I like that MarkdownExtra gives multiple formats for tables. I like the fact that you can do either:

| Header | Header | 
|--------|--------|
| Row    | Row    |

or

Header | Header
-------|-------
Row    | Row

If it gets too much more complicated as in MarkdownExtra, I don’t think it’d be a standard feature.

However, I’m sticking to my guns in saying that yes, Markdown needs a standard table syntax.

4 Likes

To be honest, I see it as a failing of HTML that we can’t use a syntax such as

<table src="data.csv"></table>

to separate data from markup.

Of course, it’s possible to polyfill the behavior using

<table data-src="data.csv"></table>

and a bit of javascript.

Overall, tables would add a level of complexity that probably belongs in an extension. That way, a standards compliant markdown parser can choose not to support tables, or choose to handle tables in a different manner.

1 Like

Me too, tables are an essential feature for markdown and should be in the standard.
I don’t see the need to only implement things that were in the old markdown “standard”.

The syntax of a table line as “|” and “-” seems like a good idea.

So this:

| Header | Header |
|--------|--------|
| Row    | Row    |

would be the stmd table and if you want a more fancy one you can use a table addon.

My problem with addons is that I think that many people won’t use them and if we don’t have tables in standard markdown we probably have no tables at all.

4 Likes

Agreed. Making certain features optional means it won’t be fully widespread. And stuff like tables and anchors are common enough to be a core standard.

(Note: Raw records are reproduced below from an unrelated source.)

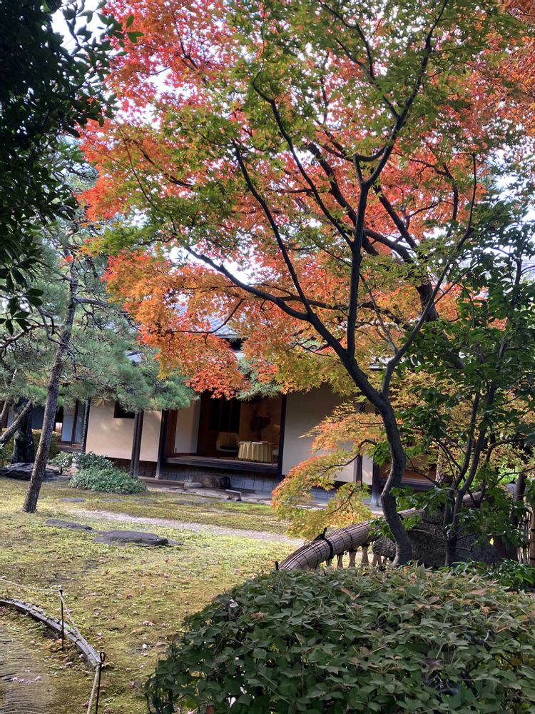邸内なはアカマツなど多くの樹木や居間に面した一帯を一面スギゴケを植えて水路を配した回遊式日本庭園。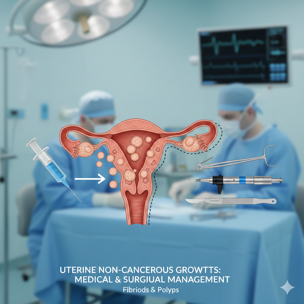 Non-cancerous growths of the uterus managed through medical and surgical care.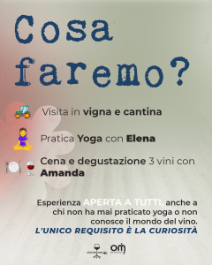 Cosa ti aspetta ✨ : • Visita in vigna e cantina • Yoga rigenerante con Elena • Cena con degustazione di 3 vini e 3 piatti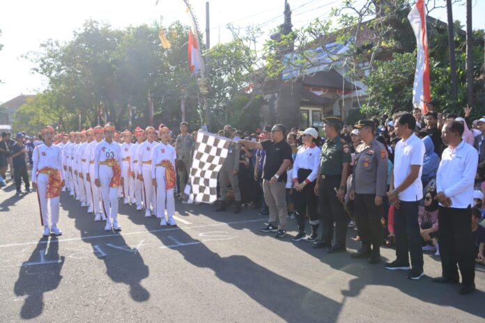 Peserta lomba gerak jalan dilepas langsung oleh Bupati Jembrana I Nengah Tamba didampingi istri, Forkopimda serta Sekda yang mengambil start di depan Kantor Bupati Jembrana, Selasa (8/8).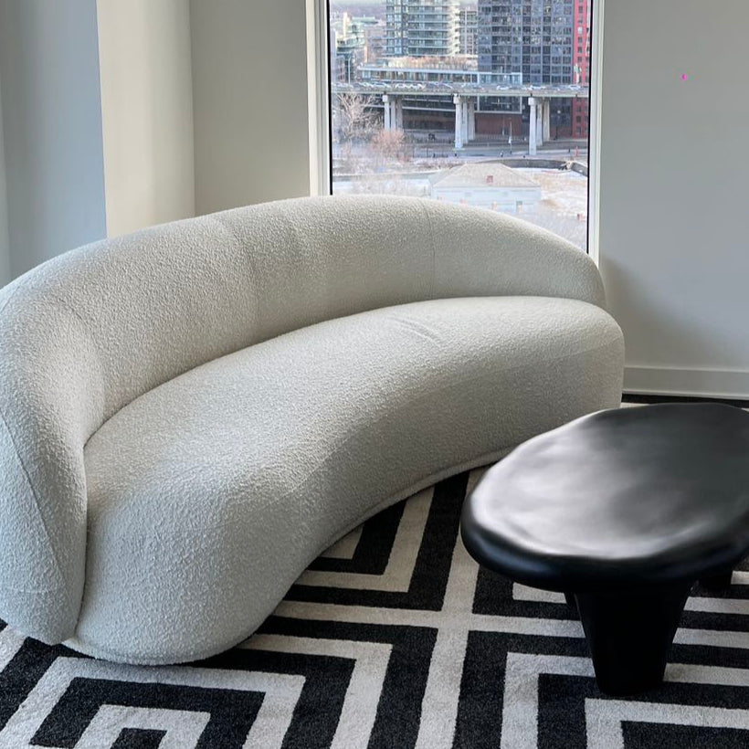 Indulge in the ultimate comfort and modern elegance with the Contour Bliss Bouclé Sofa. This beautifully curved sofa is upholstered in luxurious high-pile bouclé wool, offering a tactile and visual delight. Its sculptural form is designed to hug your body, creating a cozy and inviting seating experience. Whether placed near a fireplace or as a centerpiece, this sofa exudes style and warmth.
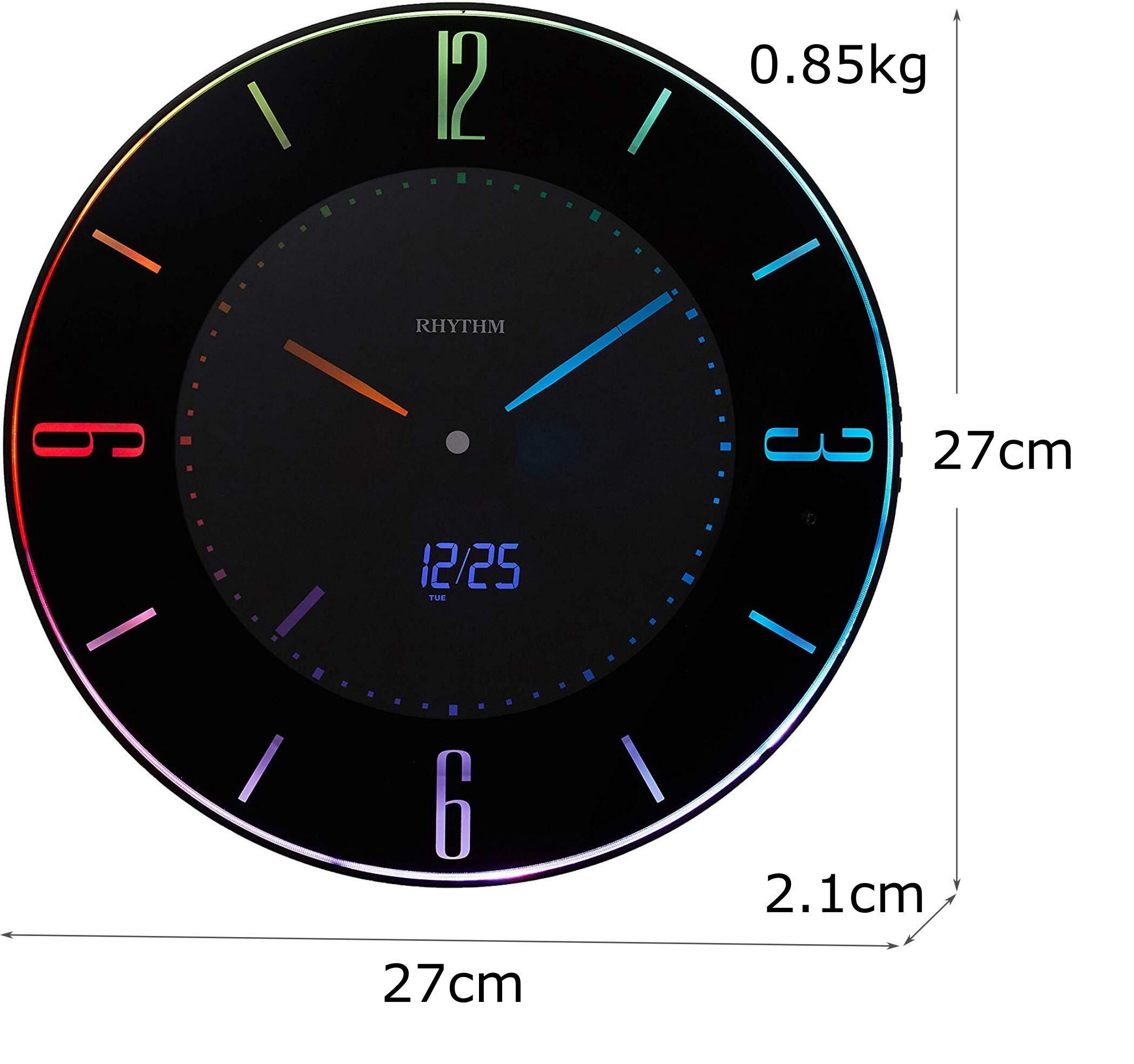 リズム(RHYTHM) 掛け時計 置き時計 電波時計 365色 LED 推し色 変更機能付き 黒 イロリア (Iroria) 8RZ197SR02 φ27x2.1cm

A common complaint I understand about tables in markdown variants that attempts to implement this, is that it is hard to maintain. So here is some ways I think it can be simplified from “Markdown Extra” syntax for this effort.

This is [Markdown Extra Syntax for tables] (https://michelf.ca/projects/php-markdown/extra/):

 | Item      | Value |
 | --------- | -----:|
 | Computer  | $1600 |
 | Phone     |   $12 |

First example (Compress the pipe headers):

To indicate a field is a header you use |-, -| .
For header alignment: |:- left aligned -|, |- right aligned -:| |:- Centre aligned -:| .

|:- Header -:|:- Header -:|
|   Row      |   Row      |
|   Row      |   Row      |

Second Example ( CSV Input):

The second issue, is that people find it hard to have to deal with formatting the pipes. If alignment of cell data is of no concern to the user, then we should use CSV data as the inspiration.

I’m a big fan of CSV data, due to how easy it is to type. The ease of use comes from sticking to csv which most people use already, and combining it with a simplified table header.

If you still need alignment control for each cell, then you can just use the previous (but simplified) pipe tables shown above using |:, :|

|:- Year -|:- Make  -|:- Model                         -:| 
  1997,      Ford,      E350
  1999,      Chevy,    "Venture ""Extended Edition"""
  1999,      Chevy,    "Venture ""Extended Edition
  1996,      Jeep,      Grand Cherokee

 This is some other text, since the end of a table is implied by a new paragraph. 

example data from: http://en.wikipedia.org/wiki/Comma-separated_values

Essentially, just treat pipes as ‘optional’ for the actual cell data (which is the field that gets modified most often anyway (compared to the header). This way, we can avoid too much formatting, and heck if you are lazy, you could just remove whitespaces and it shall still be very maintainable like so:

|:- Year -|:- Make -|:- Model  -:| 
1997, Ford, E350
1999, Chevy, "Venture ""Extended Edition"" "
1999, Chevy, "Venture ""Extended Edition"" "
1996, Jeep, Grand Cherokee

The second approach is my preference. Since I believe markdown is about getting formatting out of the way of your writing.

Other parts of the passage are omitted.